Personal information
- Full name: Yacouba Sylla
- Date of birth: 29 November 1990 (age 35)
- Place of birth: Étampes, France
- Height: 1.84 m (6 ft 0 in)
- Position: Defensive midfielder

Youth career
- 1995–2002: Étampes
- 2002–2006: CSF Brétigny
- 2006–2007: Montferrand
- 2007–2008: Malesherbes
- 2008–2009: Caen
- 2009–2010: Clermont

Senior career*
- Years: Team / Apps / (Gls)
- 2010–2013: Clermont / 65 / (0)
- 2013–2015: Aston Villa / 22 / (0)
- 2014–2015: → Kayseri Erciyesspor (loan) / 27 / (1)
- 2015–2018: Rennes / 20 / (0)
- 2016–2017: → Montpellier (loan) / 19 / (1)
- 2017: → Panathinaikos (loan) / 9 / (0)
- 2018–2019: Mechelen / 12 / (0)
- 2019: Strømsgodset / 10 / (1)
- 2019–2020: CFR Cluj / 4 / (0)
- 2020–2021: MC Oujda / 5 / (0)
- 2022: Bastia / 7 / (0)
- 2022–2023: Botoșani / 15 / (0)
- 2023: Virton / 3 / (0)
- 2025: Châteauroux / 0 / (0)
- 2025: Châteauroux B / 1 / (0)

International career^{‡}
- 2011: France U21 / 1 / (0)
- 2013–2017: Mali / 35 / (0)

= Yacouba Sylla =

Malian footballer (born 1990)

Yacouba Sylla (born 29 November 1990) is a professional footballer who plays as a defensive midfielder.

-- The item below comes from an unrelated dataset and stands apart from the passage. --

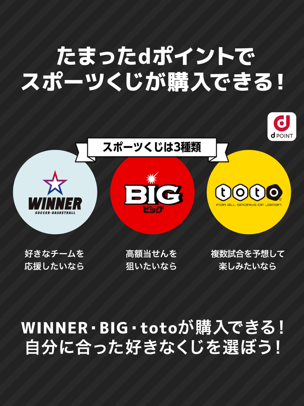 Toto/big/winnerの3種類のくじの購入が可能。

Born in France, he represented France as a youth international before switching to Mali at senior level.

==Club career==

===Youth career===
Prior to joining Clermont, where Sylla signed his first professional contract, he had a year's stint with Ligue 1 club Caen. Before that, Sylla had started his career with hometown Parisian club Étampes FC, before joining nearby club CSF Brétigny, which produced France internationals Patrice Evra and Jimmy Briand. After four years in Brétigny, Sylla spent the next four years roaming around clubs in the Lower Normandy region such as Montferrand, Malesherbes, and Caen. And then in 2009, he signed an amateur contract with Clermont where he was inserted into Clermont's reserve team for the 2009–10 season. He appeared in 17 matches scoring one goal.

===Clermont===
For the 2010–11 season, Sylla was promoted to the senior team by manager Michel Der Zakarian. He made his professional debut on 15 October 2010 in a league match against Le Mans playing the entire match in a 2–0 defeat. Sylla subsequently appeared as a starter in the team's next seven matches. His performances domestically led to interest from German club VfB Stuttgart and Italian club Udinese. In order to decrease the interest Clermont signed Sylla to his first professional contract, which ran from 22 November 2010 until June 2014.

===Aston Villa===
On 31 January 2013, Aston Villa completed the signing of Sylla on a three-and-a-half-year deal, subject to international clearance, after passing a medical.

====Loan to Kayseri Erciyesspor====
On 14 July 2014, Sylla joined Turkish Super Lig club Kayseri Erciyesspor on a season-long loan.

===Rennes===
On 22 June 2015, Sylla joined Rennes on a four-year deal, after two years at Aston Villa where he made only 22 league appearances.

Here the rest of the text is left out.